Kevin Charman-AndersonKevin Anderson, who has a new job title at The Guardian, which I missed, is talking about startups trailing new journalism funding models:

  • Circulate: they do semantic analysis on your content. Users sign up, and the system gives you new content based on your implicit and explicit interests. 
  • Journalism Online: High-powered startup. They're doing an arm-twisting job with content providers. Kevin doesn't see what their proposition is for users. 
  • ViewPass: Gated content - create a network of content providers
  • Kachingle: Gift economy way of funding content: based on attention. 
  • Niche advertising networks.
Zombie debate about paywalls is back. NYT looks like they're considering $5 for the content.

One problem with all these monetisation models is that they're all focused on the publishers' needs, not the readers' needs. 
Kindle: the problem is not technological but business. 70:30 split between Amazon and publishers. Nobody can afford to do that right now.  Kevin sees the iPhone, with its new ability for in-app charging more interesting. The Kindle isn't social, as someone in the crowd pointed out.

Some discussion about News International and what it will put behind a paywall. Kevin suggested that the output of journalists and editors in not necessarily what people value most highly.

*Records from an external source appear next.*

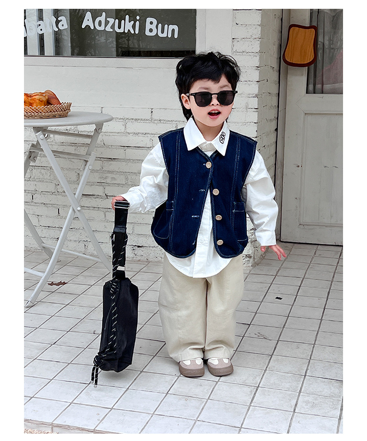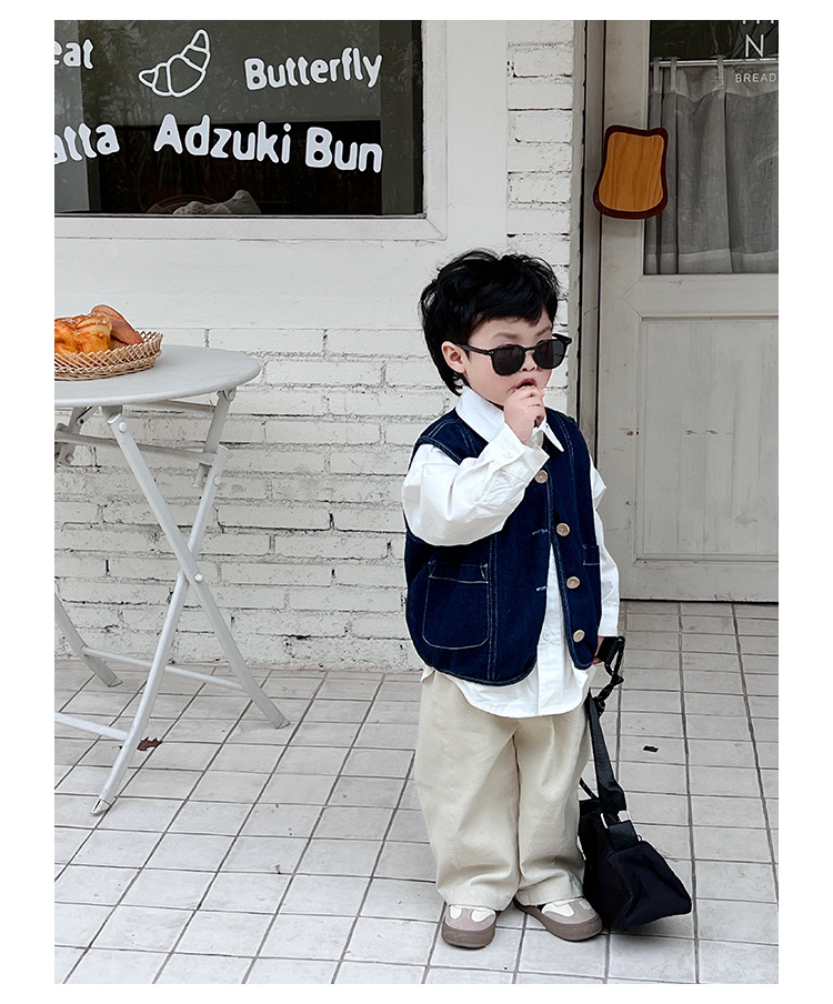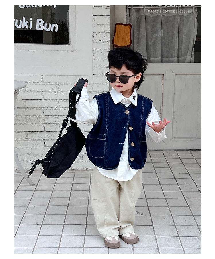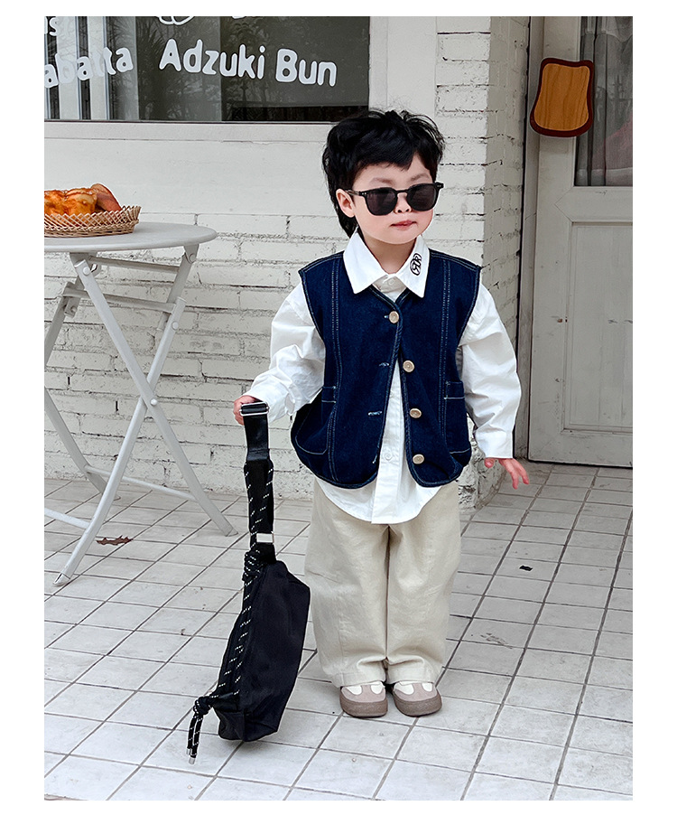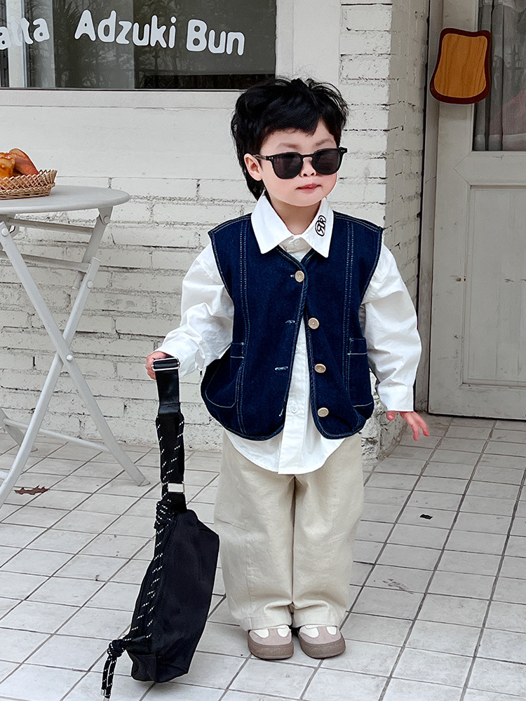 어린이 데님 양복 조끼 봄과 가을 2025 새 아기 한국식 코트 한국식 소년 양복 조끼스토어 가기
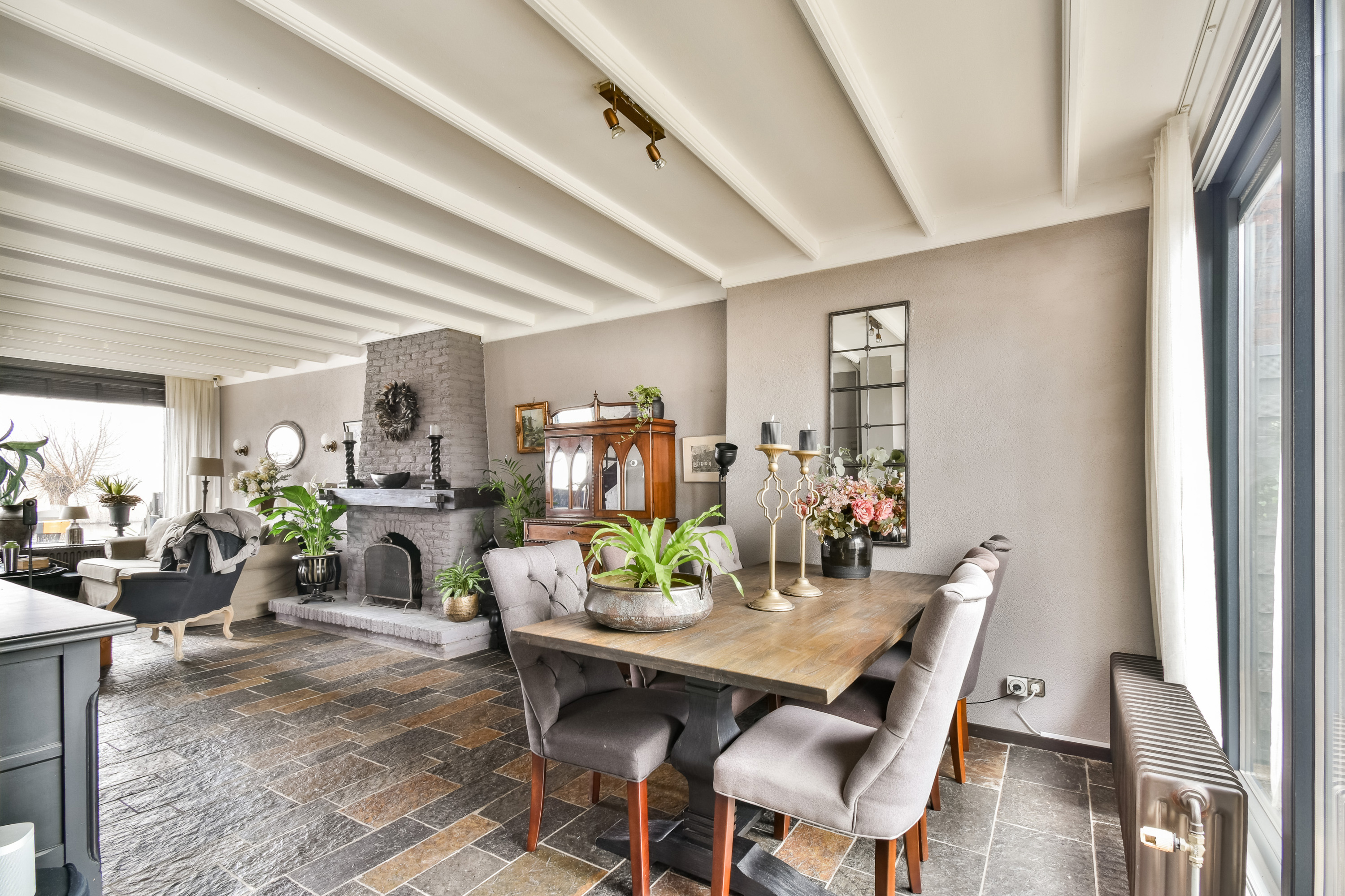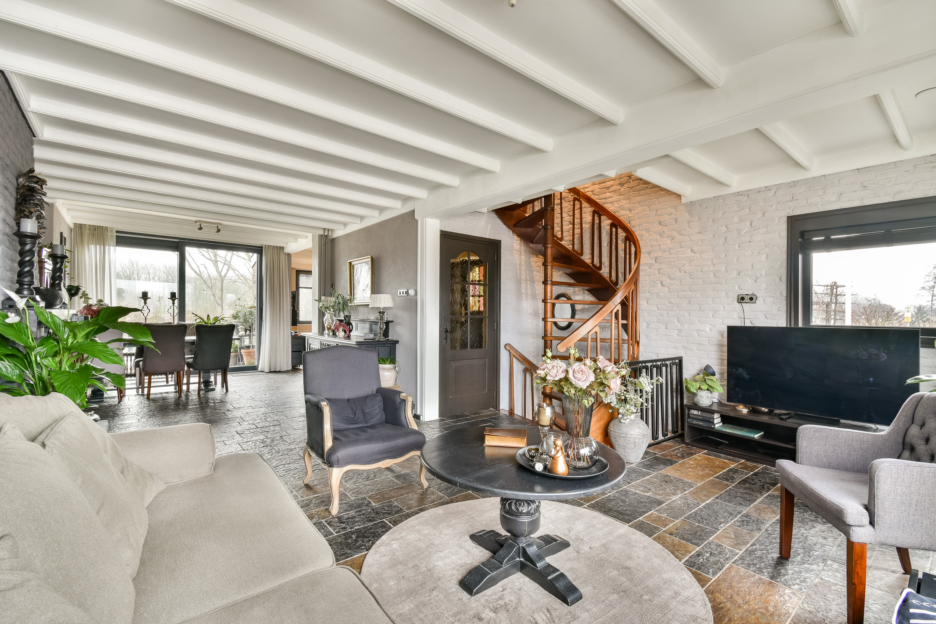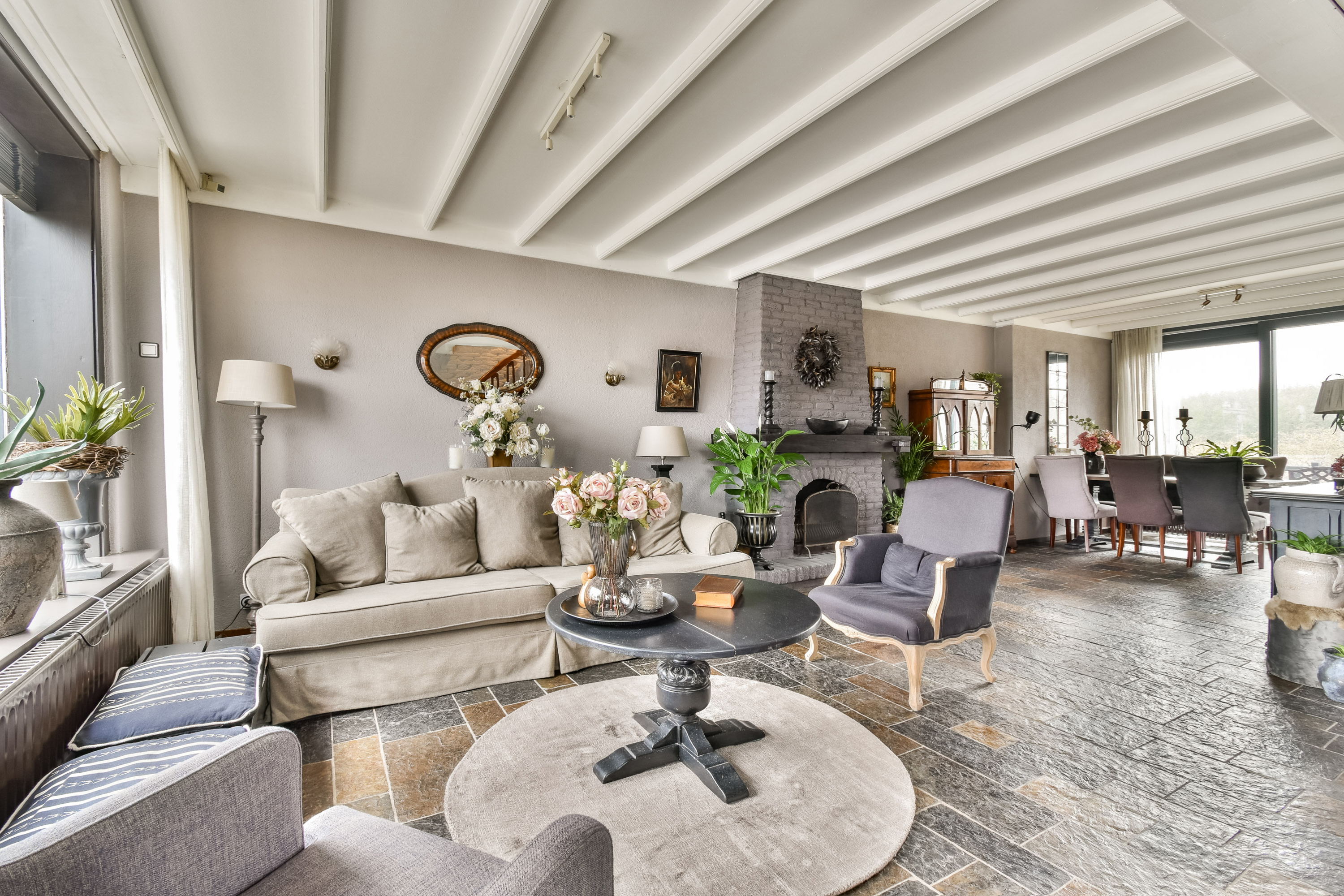 De sfeervolle woonkamer aan de voorzijde is heerlijk licht dankzij de grote raampartijen en is voorzien van een gezellige open haard en vloerverwarming. Vanaf de zithoek heb je een prachtig uitzicht over de Rotte.
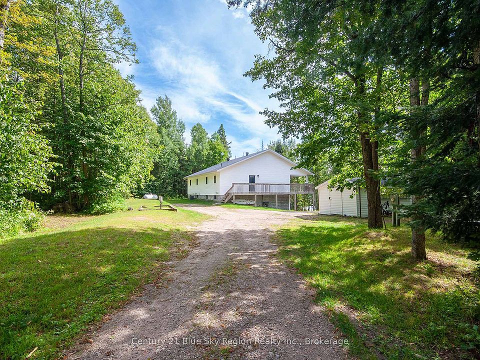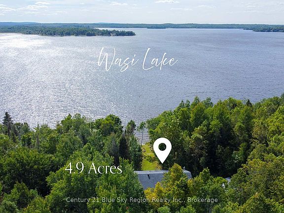 Enjoy peace and quiet from this spacious 3+2 bedroom, 2 bathroom 1,500 sf Wasi Lake waterfront bungalow with full walkout basement. Situated on a beautiful well treed and private nearly 5 acre lot with sandy shore and western exposure for afternoon sun by the lake. The main floor features a large open concept living area overlooking the forest and water, large kitchen, dining/living area with access to the oversized covered lakeside deck with glass rail. 3 bedrooms & 4pc bath with laundry. The lower level has a large rec-room with walkout, as well as room for a seating area next to the wood stove. 2 large bedrooms, utility room and 4pc bath. Forced air propane heating with a/c. The exterior features a large storage shed, ample parking and surrounded by mature maple trees. The shoreline offers over 200 ft of frontage and is firm with a beautiful sandy beach area and firepit. Located only minutes from the 18 hole golf course, ATV, snowmobile trails, area crown land and less than 30 min to North Bay! Adjacent 4.8 acre waterfront available to purchase with home.

Most companies see community as a technological not a social problem. We build better commenting solutions, not social ones. 

Hyper-local sites: MyMissourian model. Pro-journalists cover "official news", open a platform for other to cover everything else. Journalists are really bad judges of what's banal. People wanted to write about weather, pets and church. 

Kevin's Audience
Journalism has become definition by exclusion, not be inclusion. If we define ourselves by a big bag of things we don't do, we're going to define ourselves out of a job. 

Build niche communities around content and sell advertising against those niches? [Yes, says I, 'cos that's what we do...] Kevin says that advertisers are even more risk adverse than we are, which is true. But advertisers can be educated...

Columnists are based on annoying people. Community is often built by doing something positive, which means a whole shift in journalistic mind set. And moderation needs are much lower (and therefore cheaper...) "The more you piss people off, the more you have to moderate, the more you have to pay, and the quicker you fail."

Audience: Has journalism found new things to sell? No, not so far. Maybe we have found things, but nobody wants to pay for them. 

Back to Kevin: 2005 was a high-water mark for journalism employment in the US. That was a 50 year flood, and now things are coming down. There's some creative destruction going on right now. It's not just repackaging what we've always done any more - its new thinking. Niche specialised coverage - that's trade pubs and people look down on that [yes, they do. I speak from experience] - but we need more of that. Expert aggregation isn't seen as journalism - but it's needed.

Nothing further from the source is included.